Although touted as an expert's mountain, the ski area offers slopes for lower ski levels. From the summit, Vista Way, Tramway and Upper Cannon descend through the forest. These feed into a collection of intermediate runs, including Middle Cannon and Middle Ravine. An alternate route, Cannonball Express Quad, is also available. The Tram Cutback is an intermediate return route to the tram from Gary's, considered the easiest of the Front Five.

===Expert and advanced (32%)===
Expert trails include DJ's Tramline, a narrow trail that descends via a series of cliff steps. The trail is rarely open because of the amount of snow required to cover the boulders and cliffs scattered throughout the trail. DJ's Tramline has been included in Vermont Sports Magazine's "Gnarly 10 Toughest Trails in the East". There are no double Black Diamonds on Cannon Mountain, only Black Diamonds, although the color/shape nomenclature for trail rating is always relative to the other trails on the mountain. The Tramline, for example, could earn double black diamond at another mountain, and the same thing is possible in the reverse. It is therefore recommended that skiers take careful note of the mountain's average challenge, and to proceed with caution when attempting a new run labeled as "advanced" or "experts only". Besides the Tramline, Avalanche is the steepest run, measuring at a 31 degree vertical pitch. Trails such as Paulie's Folly and Hard Scrabble also have a high vertical pitch. The Mittersill area consists of some of New Hampshire's only sidecountry skiing. Many glades and mogul runs can be found here. One of the longest glades in the east is Kinsman Glade, on skier's right of the tramline. The Front Five trails are accessed via Paulie's Extension or Lower Cannon. Three of them, Avalanche, Paulie's Folly and Zoomer, are marked black. The other two, Rocket and Gary's, have less pitch. From the summit, trails include Cannonball, Skylight or Upper Ravine.

==Lifts==
Cannon has 10 lifts, with one surface lift (the Huckerbrook Handle Tow) in the Tuckerbrook family area.
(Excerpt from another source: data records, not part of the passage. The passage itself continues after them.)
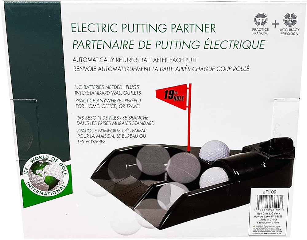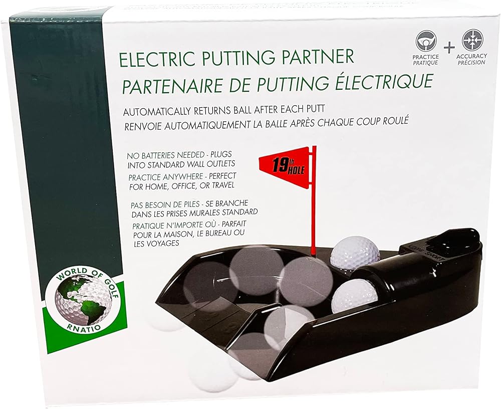 Improve your putting skills--indoors or outdoors and any time of year--with the Electric Putting Partner. This handy putting trainer features numbered scoring zones and a wide entrance to help you hone your skills. Thanks to automatic ball return, the Putting Partner allows for continuous, un-interrupted practice, and the trainer adjusts for short or long putts to suit your practice needs. Whether you want to refine your putting game in the off season or keep your skills sharp all-year round, the Putting Partner provides a handy solution.
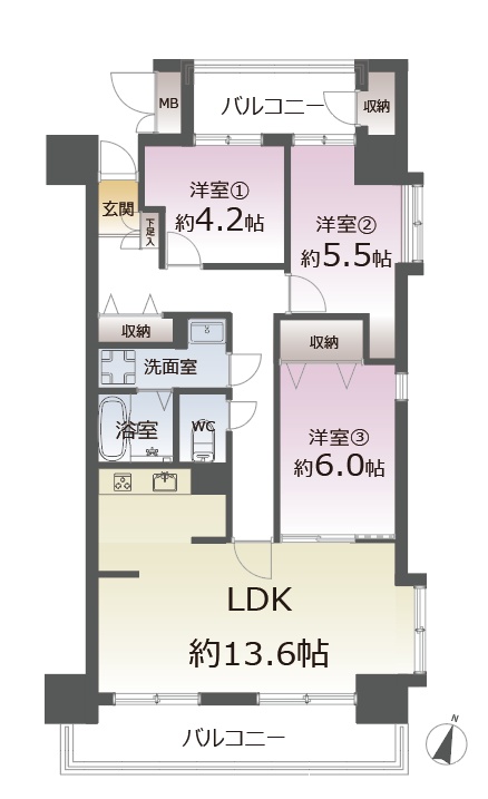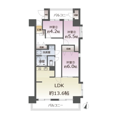 3LDK(72.51m²)└ 4階:LDK13.6帖 洋室6帖 洋室5.5帖 洋室4.2帖
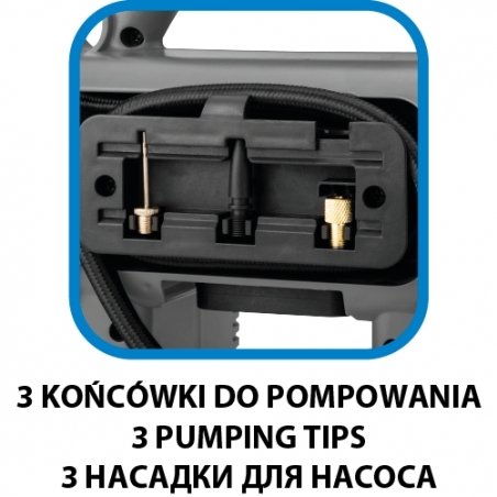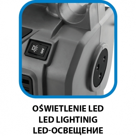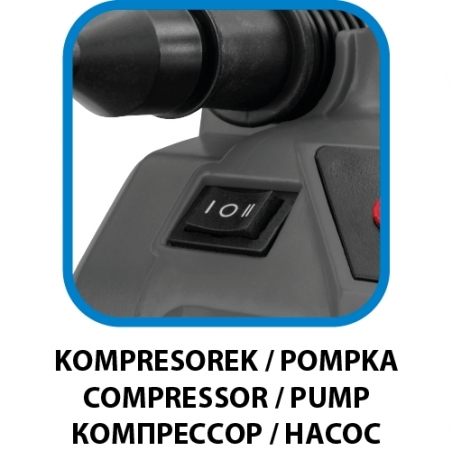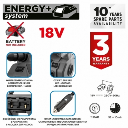 Kompresor akumulatorowy Energy+ 18V bez akumulatora. Dane techniczne: napięcie zasilania (akumulator Energy+) 18V DC, napięcie zasilania (zapalniczka samochodowa) 12V DC, kompresor i pompka, funkcja deflacji, moc znamionowa 60 W, ciśnienie robocze 11 bar, S2: 10 min, waga 1,6 kg.
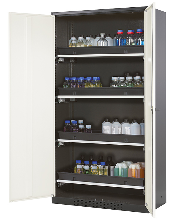 Korpusfarve antracitgrå (RAL 7016), med fløjdøre i Ren hvid (RAL 9010), udstyret med 4 x udtrækskar (stålplade/polypropylen pulver lakeret)
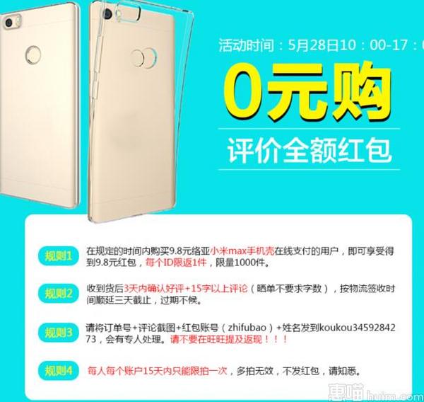 小米MAX手机壳第一次活动哦,1000个名额,有手机的亲怎能错过呢~
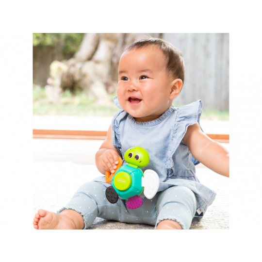 Hračka v podobě roztomilé želvičky nabízí množství ohebných a pohyblivých částí ke zkoumání. Jednotlivé části těla želvičky mají různé textury pro stimulaci hmatu. Hračka pomáhá rozvíjet jednotlivé smysly i motorické dovednosti dítěte. Vhodné pro děti od 3 měsíců.
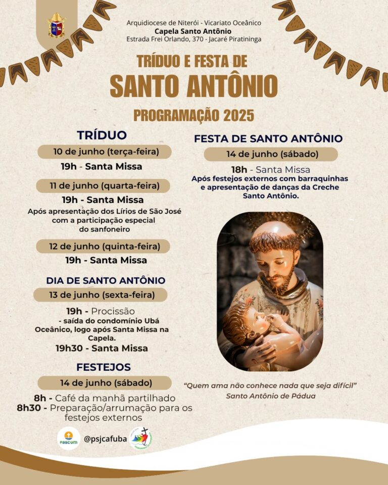 A comunidade está em festa! Venha participar conosco do Tríduo e da tradicional Festa de Santo Antônio!
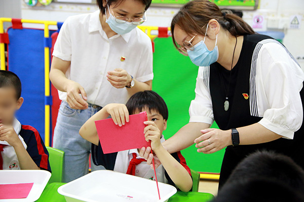“童心向党”主题班会环节中,贾红桃副校长与一(1)班学生一起制作党旗。
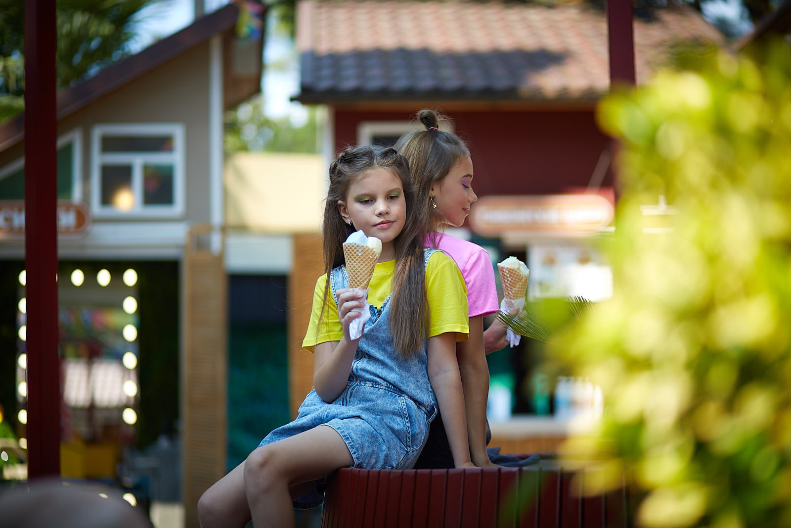 Фотосессия в парке: дети едят мороженое
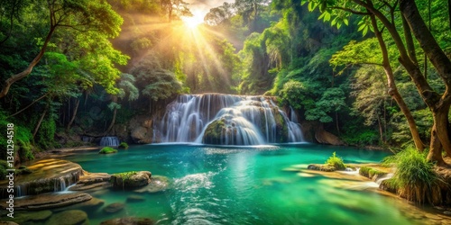 waterfall, jungle, serene, calmness, nature, photo, landscape, rainforest, lush, green, water, cascading, pool, copy space, inspiration, realistic, multilayer, mist, sunlight, leaf, rock, aerial view, birds eye view, natural beauty, travel, adventure, vacation, escape, peaceful, calm, relaxation, meditation, spiritual, vibrant, stunning, breathtaking, picturesque, exotic, wilderness, tropical, paradise
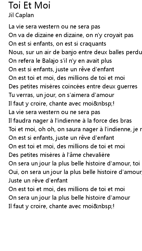 | Toi et moi, oh oh, on saura nager a l' indienne, je ne m' en fais pas | |
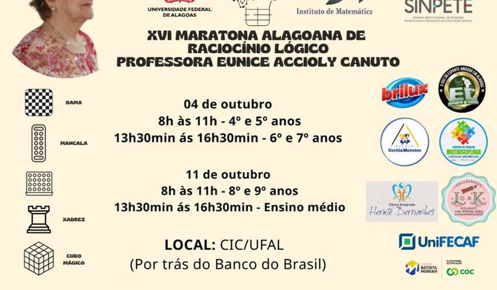 O Instituto de Matemática (IM) da Ufal vai promover, nos dias 4 e 11 de outubro, a 16ª Maratona Alagoana de Lógica. As escolas públicas e privadas têm até a essa sexta-feira (19) para se inscrever na competição que tem o objetivo de estimular a memória, capacidade de raciocínio e criatividade dos estudantes por meio de provas, jogos e desafios lógicos.
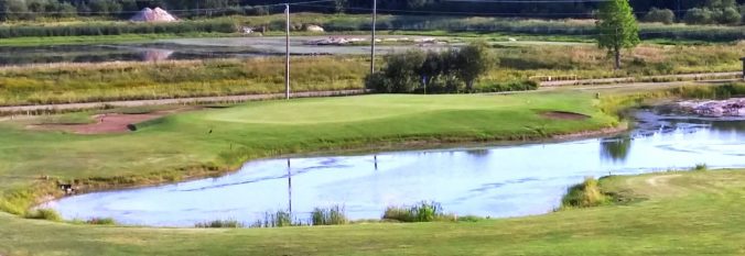 Because the ground was so wet and spongy, my ball came to rest outside the hazard just off the front of the green. My ball skipped over the water just to the right of the picture and ended up with a decent shot for my up and down. Using my new Titleist Vokey sand wedge, I easily saved par.
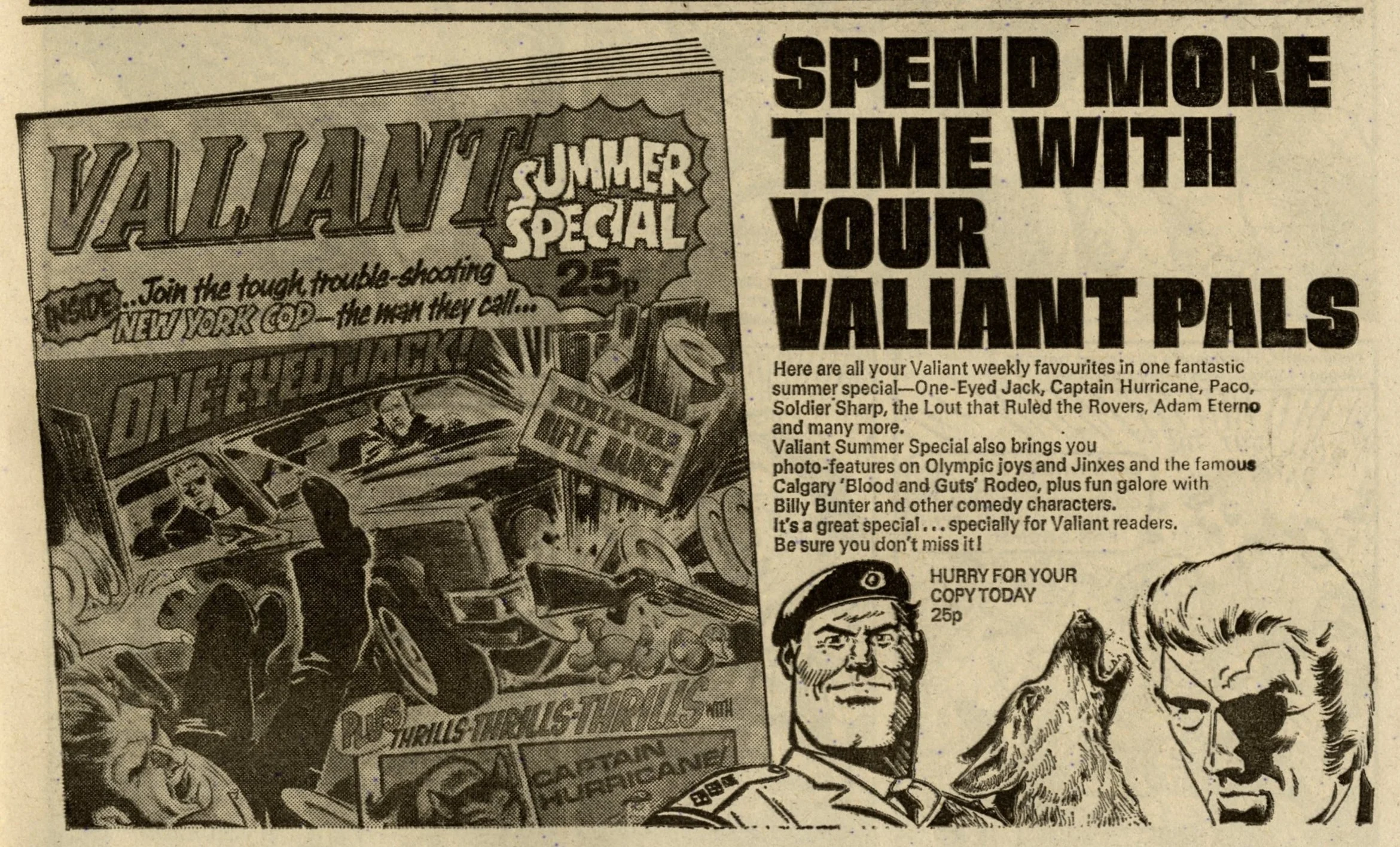 On this day, 24 July 1976 … Under the editorship of future Judge Dredd lead writer John Wagner, Valiant in 1976 wasn’t a bad comic, but it was in the final days of a prestigious fourteen-year run. Valiant was the last of a number of comics from IPC’s 1960s heyday (others including Lion, Smash! and the girls’ titles Princess and June) to disappear from the newsstands as a new wave of publications (such as Battle, Action, Sandie and Tammy) appeared in the 1970s. Wagner and Pat Mills are considered to be two of the most influential editorial influences behind the transformation of the IPC juvenile range, bringing an edgier and more contemporary sensibility characterised by more complex, often flawed, protagonists and more tightly-plotted, darker storylines commonly reflecting either British working class reality or the funk and punk of American film and TV culture.

Name: Type; Builder; Built; Vertical; Length; Notes
Aerial Tram: Tram 70; Agudio; 1979; 2,021 ft (616 m); 5,349 ft (1,630 m); Replaced the original 24 passenger tram built in 1938.
Peabody Express: High Speed Quad; Doppelmayr; 1999; 1,318 ft (402 m); 5,251 ft (1,601 m)
Cannonball Express: Quad; 1990; 880 ft (270 m); 2,460 ft (750 m); Despite having “Express” in its name, it is not a detachable chairlift.
Tuckerbrook: 2003; 281 ft (86 m); 1,324 ft (404 m)
Zoomer: Triple; 1984; 630 ft (190 m); 1,640 ft (500 m)
Eagle Cliff: 1999; Relocated from Mount Sunapee.
Brookside: 1999; 105 ft (32 m); 790 ft (240 m)
Mittersill: Double; 2010; 1,280 ft (390 m); 4,025 ft (1,227 m)
Valar: T-Bar; LST; 2016; 731 ft (223 m); 2,300 ft (700 m)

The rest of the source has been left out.